Dugaan tingginya mahar politik, lanjut Fadli, sampai saat ini memang belum terselesaikan. Sebab, sistem penegakan hukum untuk praktik haram itu masih lemah. ’’Bakal calon kepala daerah kebanyakan mengungkap praktik mahar ini setelah dia gagal menjadi calon kepala daerah,’’ tuturnya.
Bila memang itu problemnya, ujar Fadli, maka tidak seharusnya hak konstitusional warga negara dikorbankan. Harus ada solusi di kalangan elite sendiri untuk mengatasi hal tersebut. Bukan memberangus demokrasi.
Pihaknya mengusulkan beberapa hal untuk mengatasi problem mahar politik. Pertama, sumbangan siapapun kepada partai harus dibuat transparan, khususnya bila terkait pilkada.
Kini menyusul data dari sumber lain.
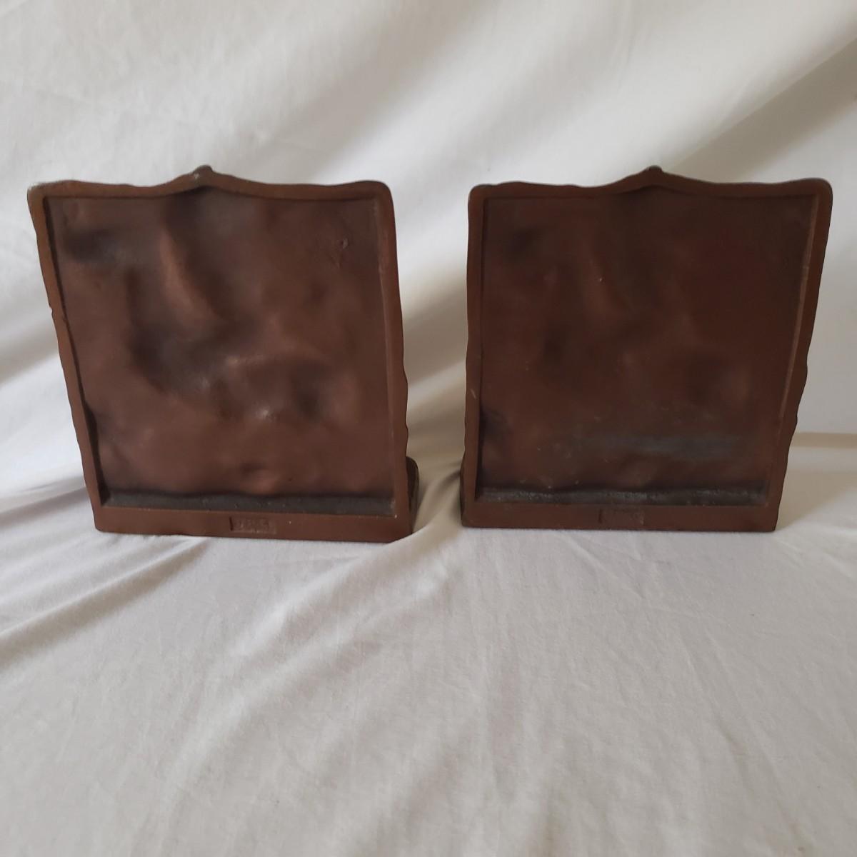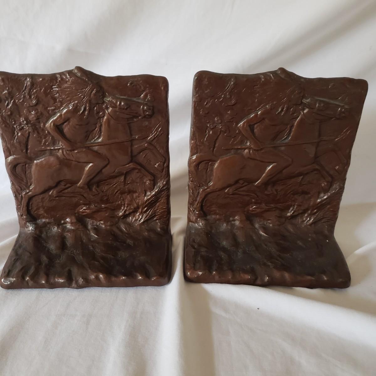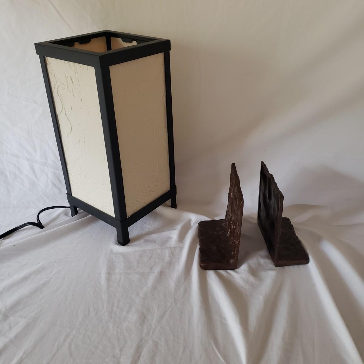 This unique metal and glass lamp lights up a beautiful outdoor scene with a three dimensional view. The lamp powers on when plugged in and has a switch on the cord. The glass panels are molded to get the effect when turned on. The lamp measures 6" x 6" x 13.5"H. The two what appears to be brass bookends features a native American on horseback. The back of each bookend is stamped "9844". They are heavy to the touch.
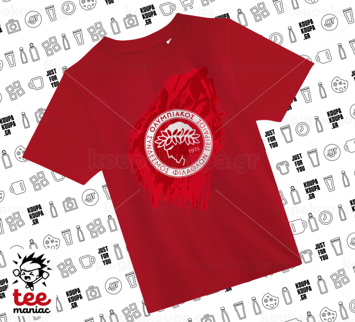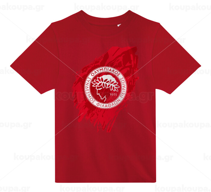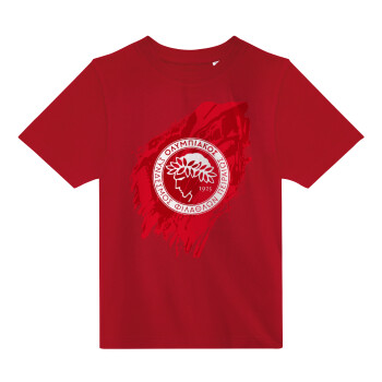 Olympiacos F.C., Άνετο παιδικό T-Shirt ΚΟΚΚΙΝΟ από 100% βαμβάκι, για κάθε μέρα. Vegan & OEKO-TEX πιστοποιημένο.
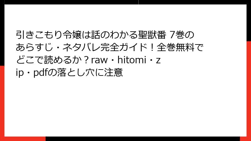 こんにちは、漫画愛好家の皆さん! 人気ファンタジー・ラブコメ「引きこもり令嬢は話のわかる聖獣番」を、raw、hitomi、zip、pdf、漫画バンクなどの海賊版サイトで読もうかと考えるのは、ついつい無料の誘惑に負けちゃう気持ち、わかります。でも、2025年現在、これらのサイトはただの「便利な宝庫」じゃありません。法的・セキュリティ・経済的な地雷原です。このブログでは、そんな海賊版サイトのリスクを、具体例を交えながら詳しく解説。ミュリエルと聖獣たちの心温まる物語を、安全に楽しむための警告としてお届けします。ネタバレなしで読み進めつつ、読み応えを重視して構造化しました。海賊版は絶対NG! 正規ルートで作者を応援しましょう♪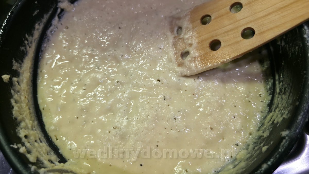 Po wydobycie się wszystkich aromatów z poprzednich przyprawy dochodzimy do kulminacja i przyprawiamy wg.własnego smaku. -grubo świeżo mielony czarnym pieprzem(klasyk) oraz - solą( nie pomylić z tak tu na forum wszech obecną Peklosolą) podczas próbowania pamiętamy o zasadzie: Nie wkładamy do potrawy łyżki którą próbowaliśmy tą potrawę bez ponownego jej umycia Gotujemy dalej

Laporannya harus terbuka. Nominalnya juga mengikuti batasan yang diatur UU Pilkada.
’’Bakal calon tidak boleh memberikan uang begitu besar tanpa tercatat dan dilaporkan,’’ ucap pria yang juga berprofesi sebagai advokat tersebut. Kemudian, bila uang yang diberikan adalah untuk keperluan kampanye, harus ada catatan berupa laporan awal dana kampanye. Bila tidak, maka Bawaslu bisa bertindak.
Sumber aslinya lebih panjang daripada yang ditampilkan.